Repeat the data in full. Drop every picture.

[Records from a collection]
===============
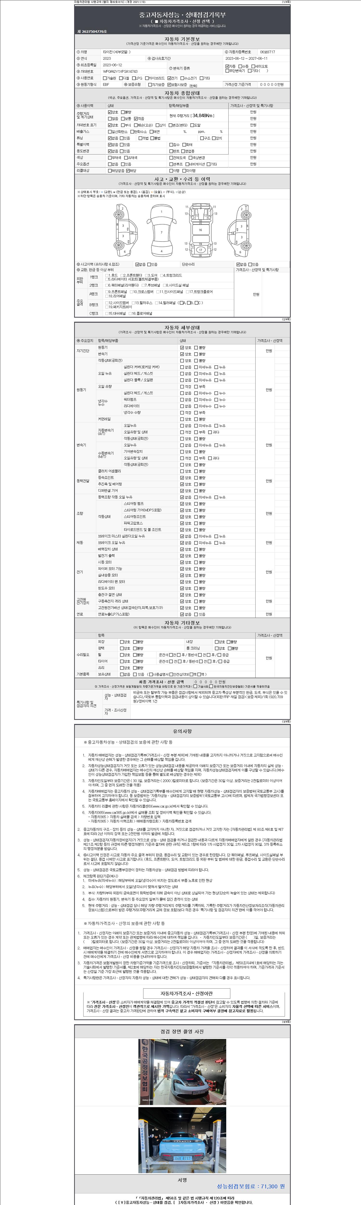 | 주행거리 | 34,848 km | 차량번호 | 06보8717 | 사고유무 | 성능기록부 참조 | 제시번호 | 제 2147483647 호 |
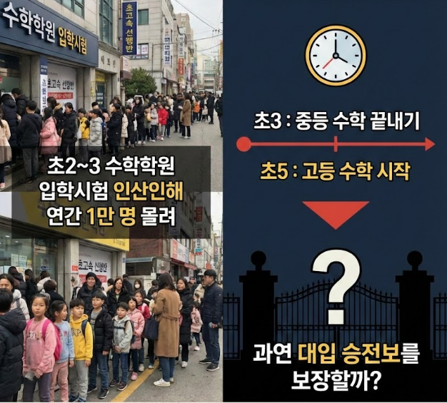 도곡동 수학학원 초등학생부터 선행하는데 왜 수포자는 늘까? 안녕하세요. 도곡동 수학하원 아이들의 수학적 임계점을 돌파시키고 결과로 그 가치를 입증하는 최상위권수학 대치관입니다. 최근 마포를 비롯한 서울 주요 학원가에서 벌어진 풍경을 보셨나요? 지난 2월 초, 초등학교 2~3학년 아이들이 수학학원 입학시험을 보기 위해 인산인해를 이뤘습니다. 연간 만여 명이 넘는 아이들이 몰리는 이 시험의 실체는 '초고속 선행'을 위한 관문입니다. 하지만 우리는 질문해야 합니다. 초등학교 3학년 때 중등 수학을 끝내고, 5학년 때 고등 수학을 시작하는 이 광풍이 과연 우리 아이의 대입 승전보를 보장해 줄까요? 하루 7시간의 사투....... <img src="https://blogthumb.pstatic.net/MjAyNjAyMDhfMTI5/MDAxNzcwNTM5MDM0MjQx.hB5MCA_Nee_KZ6k3fVjmYZj7Z2ewbj6cKzETvdRQ6F8g.fWejW63C4fHH3W-8NUxbSQ9MQnfB4hvXJU0Yo1CX6LAg.PNG/image.png?type=s3" />
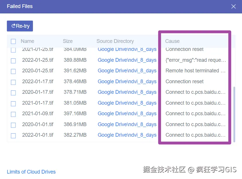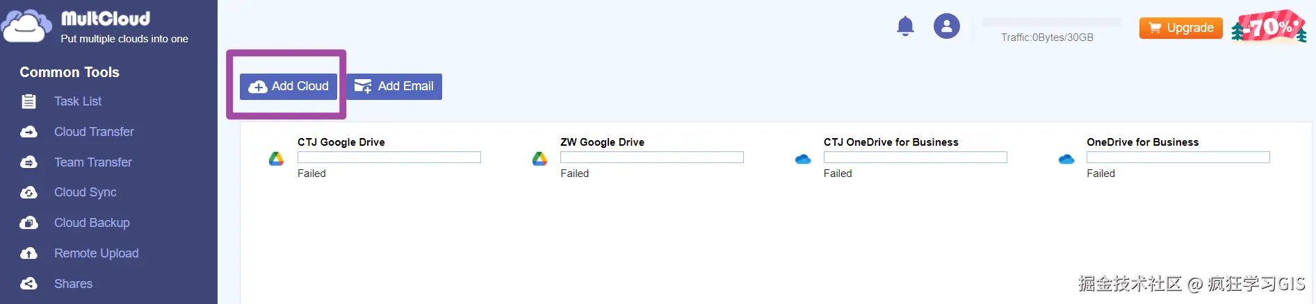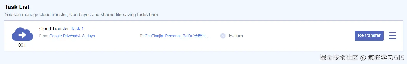 让我们回到正题,前面说到,执行“Cloud Transfer”选项后,我们可以看到其具体进度。如果在进度状态中,发现这个传输任务已经成功完成,那么就没问题了。但是也不知道我这里数据量是太大了,还是说MultCloud平台现在变得不稳定了(网上都说是后者),我这里提交的传输任务在慢吞吞地进行了2天之后失败了;如下图所示。
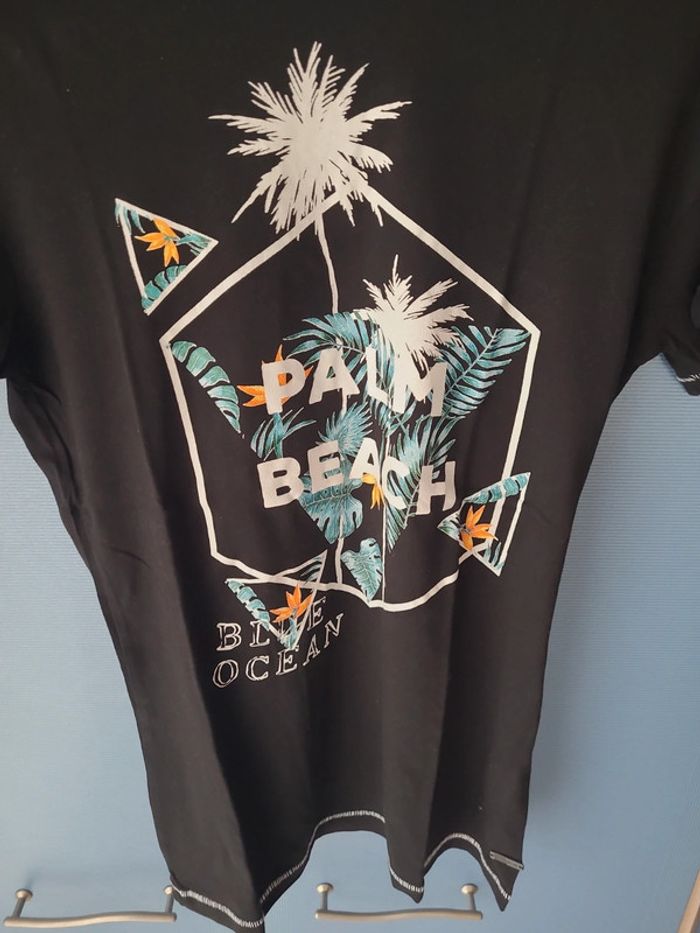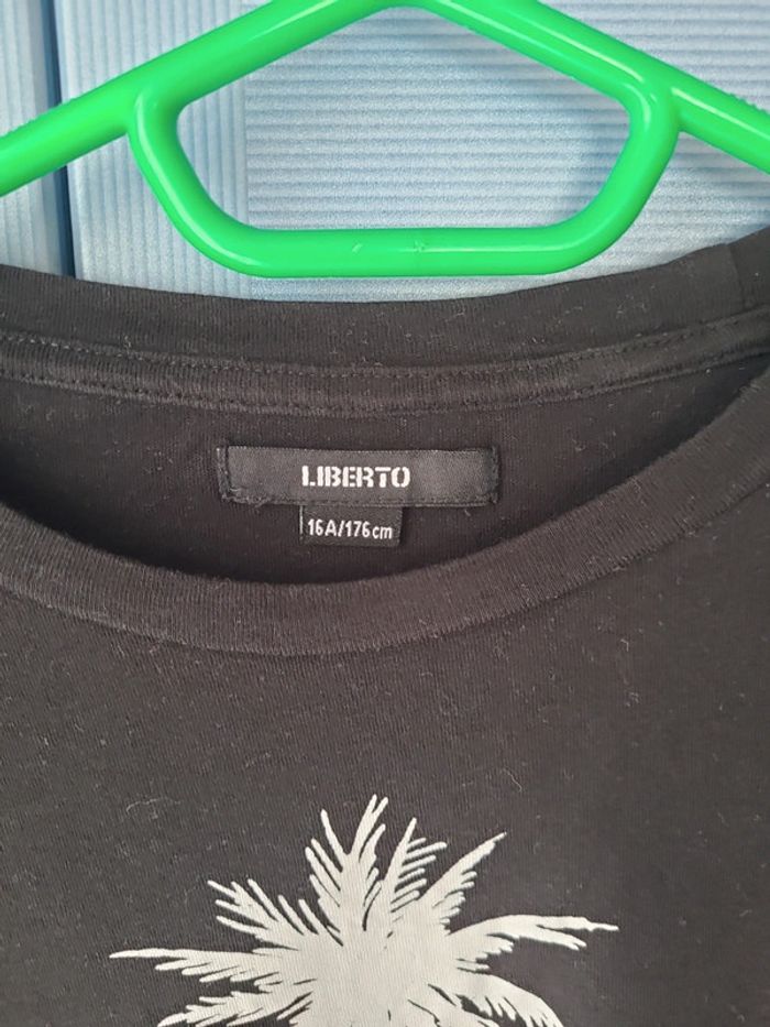 Tee-shirt imprimé Liberto. Noir impression Palm Beach, blue océan. Taille 16 ans. Manches courtes. Très bon état, porté une fois.
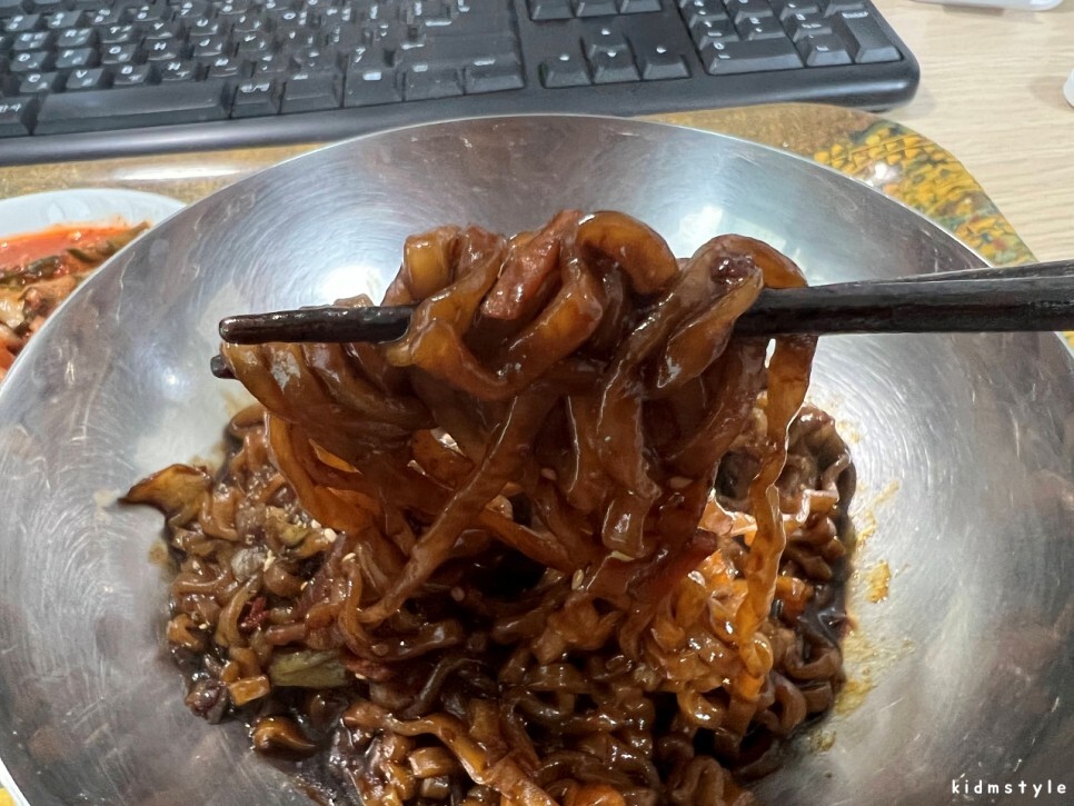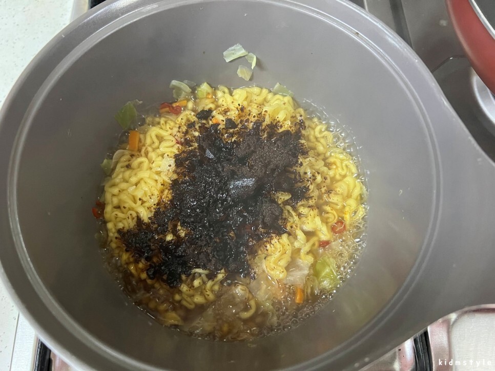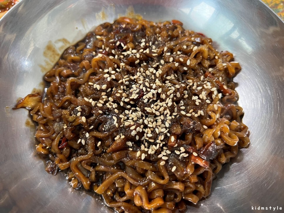고추짜장스프와 풍미유를 넣고 비벼주면 되는데 나는 고추짜장스프만 넣고 약불에 끓이면서 비벼주는 편이다. 이렇게 하면 더 맛있다.
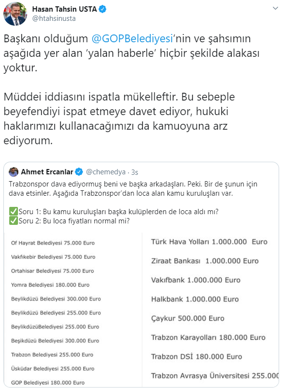 Hürriyet Fenerbahçe muhabiri Ahmet Ercanlar'ın bu sabah birçok belediye ile ilgili olarak paylaştığı kombine ücretleri listesinde Gaziosmanpaşa Beleidyesi de yer alıyordu. 180 bin euroya alındığı öne sürülen kombine ile ilgili olarak açıklamada bulunan Gaziosmanpaşa Belediye Başkanı Hasan Tahsin Usta, iddiaları yalanladı ve hukukü haklarını kullanacaklarını duyurdu.
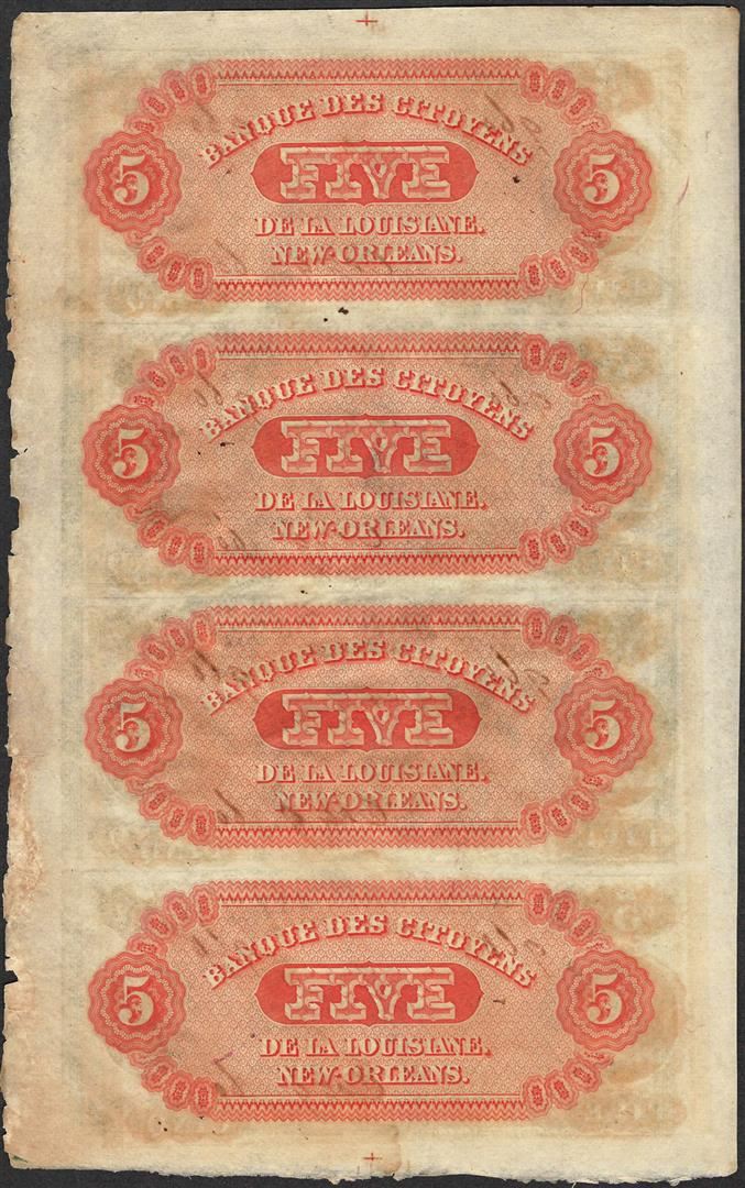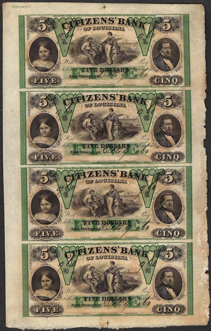 Uncut Sheet of 1800's $5 Citizens Bank of Louisiana Obsolete Notes
===============
§ Exercise output
 | 주행거리 | 34,848 km | 차량번호 | 06보8717 | 사고유무 | 성능기록부 참조 | 제시번호 | 제 2147483647 호 |
 도곡동 수학학원 초등학생부터 선행하는데 왜 수포자는 늘까? 안녕하세요. 도곡동 수학하원 아이들의 수학적 임계점을 돌파시키고 결과로 그 가치를 입증하는 최상위권수학 대치관입니다. 최근 마포를 비롯한 서울 주요 학원가에서 벌어진 풍경을 보셨나요? 지난 2월 초, 초등학교 2~3학년 아이들이 수학학원 입학시험을 보기 위해 인산인해를 이뤘습니다. 연간 만여 명이 넘는 아이들이 몰리는 이 시험의 실체는 '초고속 선행'을 위한 관문입니다. 하지만 우리는 질문해야 합니다. 초등학교 3학년 때 중등 수학을 끝내고, 5학년 때 고등 수학을 시작하는 이 광풍이 과연 우리 아이의 대입 승전보를 보장해 줄까요? 하루 7시간의 사투....... <img src="https://blogthumb.pstatic.net/MjAyNjAyMDhfMTI5/MDAxNzcwNTM5MDM0MjQx.hB5MCA_Nee_KZ6k3fVjmYZj7Z2ewbj6cKzETvdRQ6F8g.fWejW63C4fHH3W-8NUxbSQ9MQnfB4hvXJU0Yo1CX6LAg.PNG/image.png?type=s3" />
 让我们回到正题,前面说到,执行“Cloud Transfer”选项后,我们可以看到其具体进度。如果在进度状态中,发现这个传输任务已经成功完成,那么就没问题了。但是也不知道我这里数据量是太大了,还是说MultCloud平台现在变得不稳定了(网上都说是后者),我这里提交的传输任务在慢吞吞地进行了2天之后失败了;如下图所示。
 Tee-shirt imprimé Liberto. Noir impression Palm Beach, blue océan. Taille 16 ans. Manches courtes. Très bon état, porté une fois.
고추짜장스프와 풍미유를 넣고 비벼주면 되는데 나는 고추짜장스프만 넣고 약불에 끓이면서 비벼주는 편이다. 이렇게 하면 더 맛있다.
 Hürriyet Fenerbahçe muhabiri Ahmet Ercanlar'ın bu sabah birçok belediye ile ilgili olarak paylaştığı kombine ücretleri listesinde Gaziosmanpaşa Beleidyesi de yer alıyordu. 180 bin euroya alındığı öne sürülen kombine ile ilgili olarak açıklamada bulunan Gaziosmanpaşa Belediye Başkanı Hasan Tahsin Usta, iddiaları yalanladı ve hukukü haklarını kullanacaklarını duyurdu.
 Uncut Sheet of 1800's $5 Citizens Bank of Louisiana Obsolete Notes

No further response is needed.